#### Material provided

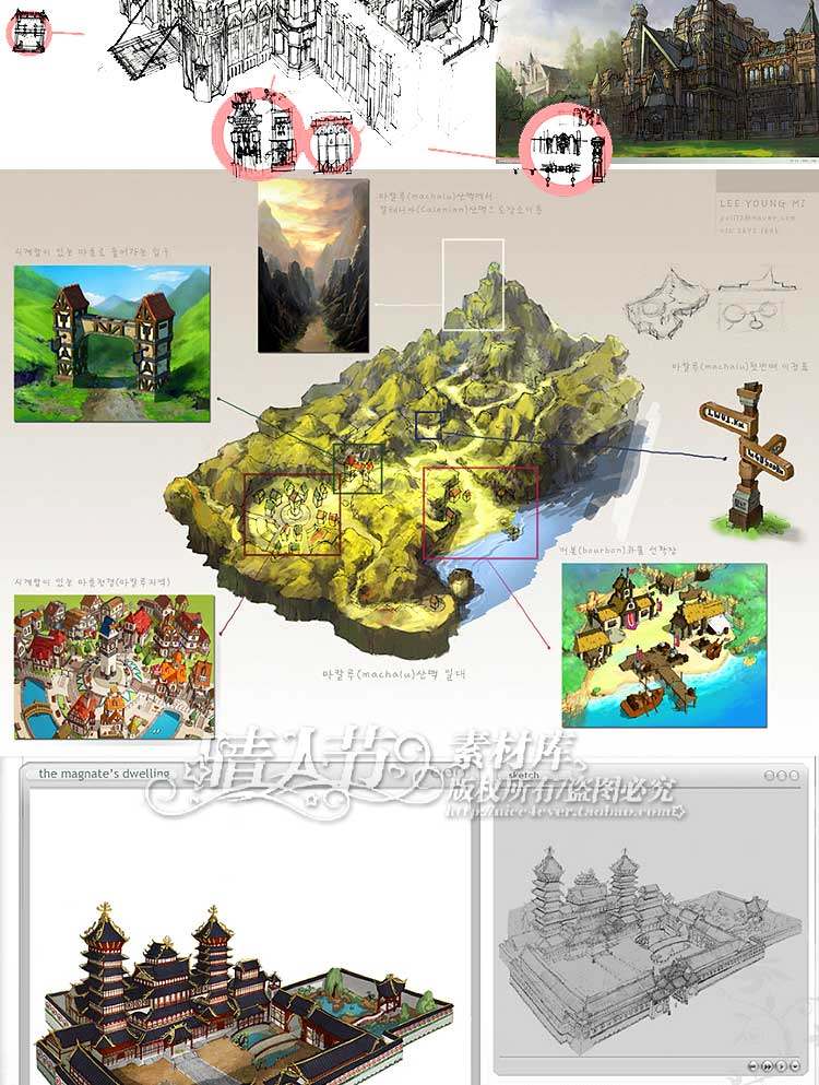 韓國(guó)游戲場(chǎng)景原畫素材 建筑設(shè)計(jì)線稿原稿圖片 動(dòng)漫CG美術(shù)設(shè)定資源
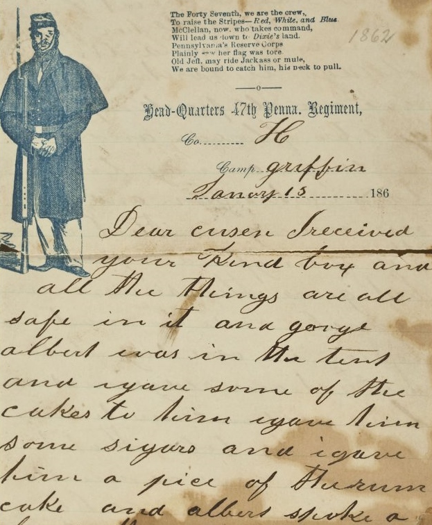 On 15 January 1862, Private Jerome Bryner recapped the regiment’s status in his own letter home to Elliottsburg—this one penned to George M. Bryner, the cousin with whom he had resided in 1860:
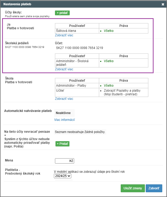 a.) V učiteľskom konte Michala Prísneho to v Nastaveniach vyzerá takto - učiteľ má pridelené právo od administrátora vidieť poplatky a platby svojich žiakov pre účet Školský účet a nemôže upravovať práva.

########
#### Material provided

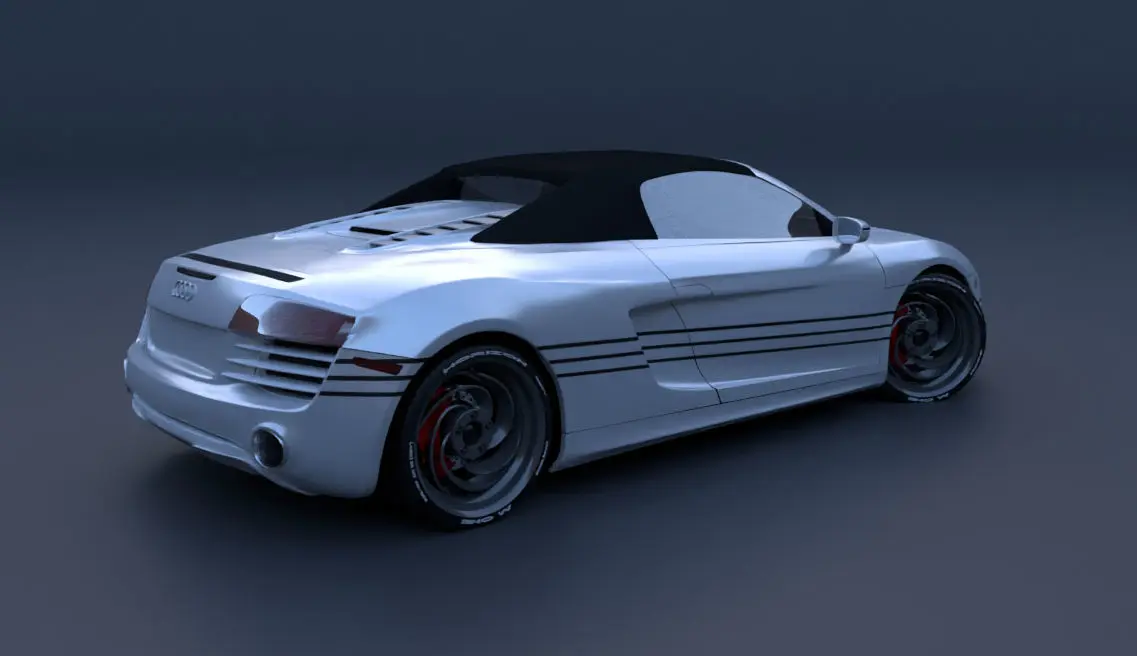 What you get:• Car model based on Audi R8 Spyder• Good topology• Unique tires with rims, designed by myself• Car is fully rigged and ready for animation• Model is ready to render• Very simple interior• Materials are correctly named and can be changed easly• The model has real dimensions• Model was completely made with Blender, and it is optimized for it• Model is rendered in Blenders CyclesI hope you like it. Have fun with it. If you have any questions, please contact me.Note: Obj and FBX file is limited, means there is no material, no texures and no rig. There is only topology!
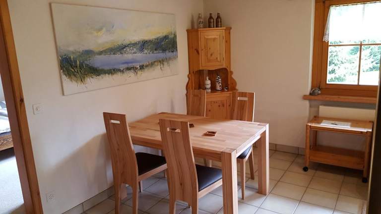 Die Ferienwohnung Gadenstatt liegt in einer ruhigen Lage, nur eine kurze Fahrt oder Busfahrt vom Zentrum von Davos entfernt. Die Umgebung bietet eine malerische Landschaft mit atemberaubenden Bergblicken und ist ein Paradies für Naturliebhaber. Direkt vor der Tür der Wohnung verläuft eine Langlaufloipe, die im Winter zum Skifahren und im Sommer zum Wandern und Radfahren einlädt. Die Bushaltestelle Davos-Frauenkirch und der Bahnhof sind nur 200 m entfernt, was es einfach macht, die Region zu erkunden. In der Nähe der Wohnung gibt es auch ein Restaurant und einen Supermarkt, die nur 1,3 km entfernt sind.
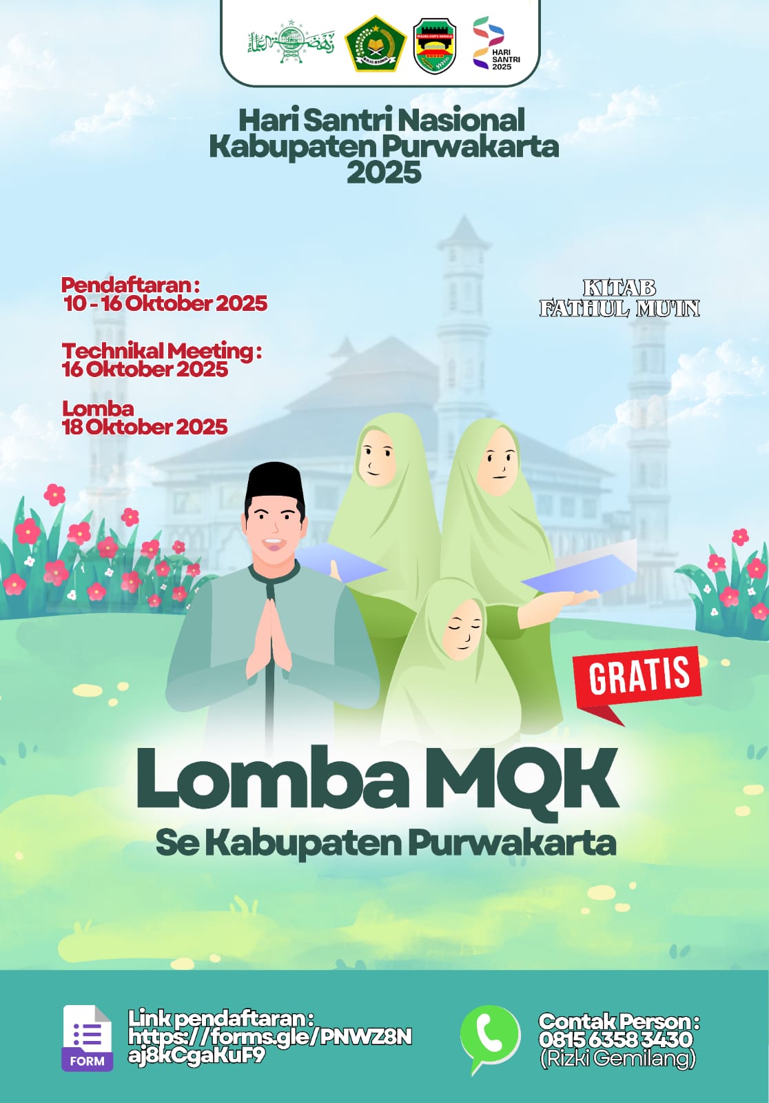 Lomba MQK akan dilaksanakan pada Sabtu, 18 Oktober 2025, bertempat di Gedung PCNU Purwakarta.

########
#### Material provided

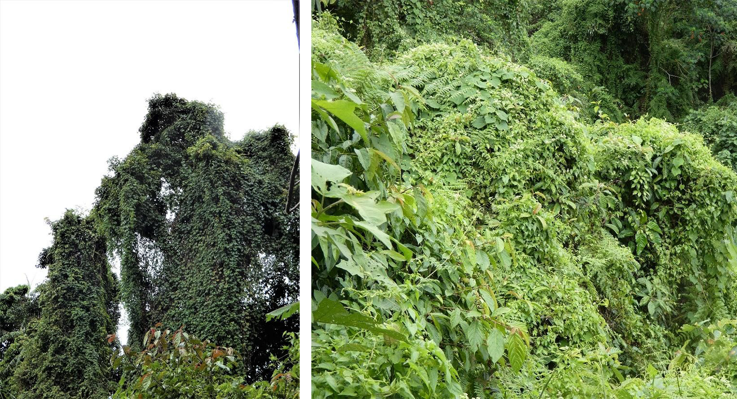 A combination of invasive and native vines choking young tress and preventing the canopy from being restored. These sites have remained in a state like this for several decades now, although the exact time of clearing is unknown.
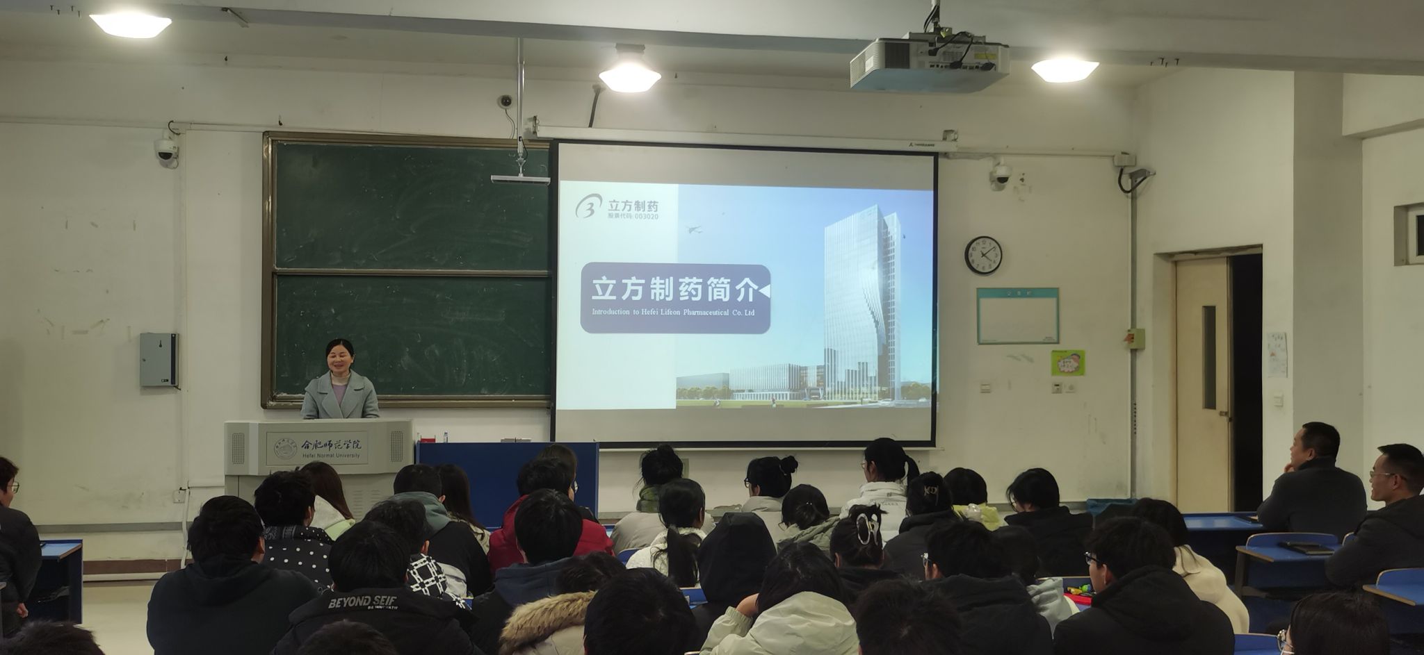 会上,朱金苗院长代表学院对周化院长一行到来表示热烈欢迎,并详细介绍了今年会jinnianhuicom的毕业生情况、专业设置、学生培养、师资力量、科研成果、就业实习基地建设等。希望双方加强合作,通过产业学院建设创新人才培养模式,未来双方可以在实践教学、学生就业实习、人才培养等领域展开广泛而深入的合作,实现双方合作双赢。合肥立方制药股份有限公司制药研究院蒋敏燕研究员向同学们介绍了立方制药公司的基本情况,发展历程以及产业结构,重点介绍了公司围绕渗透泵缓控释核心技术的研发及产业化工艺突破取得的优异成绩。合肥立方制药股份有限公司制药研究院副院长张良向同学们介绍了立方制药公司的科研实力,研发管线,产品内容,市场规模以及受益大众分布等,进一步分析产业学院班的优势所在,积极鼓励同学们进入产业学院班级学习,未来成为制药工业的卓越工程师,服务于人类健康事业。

########

What you need to do> Look through the material above. Transcribe exactly the lines between the ones with "Die Ferienwohnung Gadenstatt" and "Lomba MQK akan", inclusive, and keep pictures out.

Task output>
 Die Ferienwohnung Gadenstatt liegt in einer ruhigen Lage, nur eine kurze Fahrt oder Busfahrt vom Zentrum von Davos entfernt. Die Umgebung bietet eine malerische Landschaft mit atemberaubenden Bergblicken und ist ein Paradies für Naturliebhaber. Direkt vor der Tür der Wohnung verläuft eine Langlaufloipe, die im Winter zum Skifahren und im Sommer zum Wandern und Radfahren einlädt. Die Bushaltestelle Davos-Frauenkirch und der Bahnhof sind nur 200 m entfernt, was es einfach macht, die Region zu erkunden. In der Nähe der Wohnung gibt es auch ein Restaurant und einen Supermarkt, die nur 1,3 km entfernt sind.
 Lomba MQK akan dilaksanakan pada Sabtu, 18 Oktober 2025, bertempat di Gedung PCNU Purwakarta.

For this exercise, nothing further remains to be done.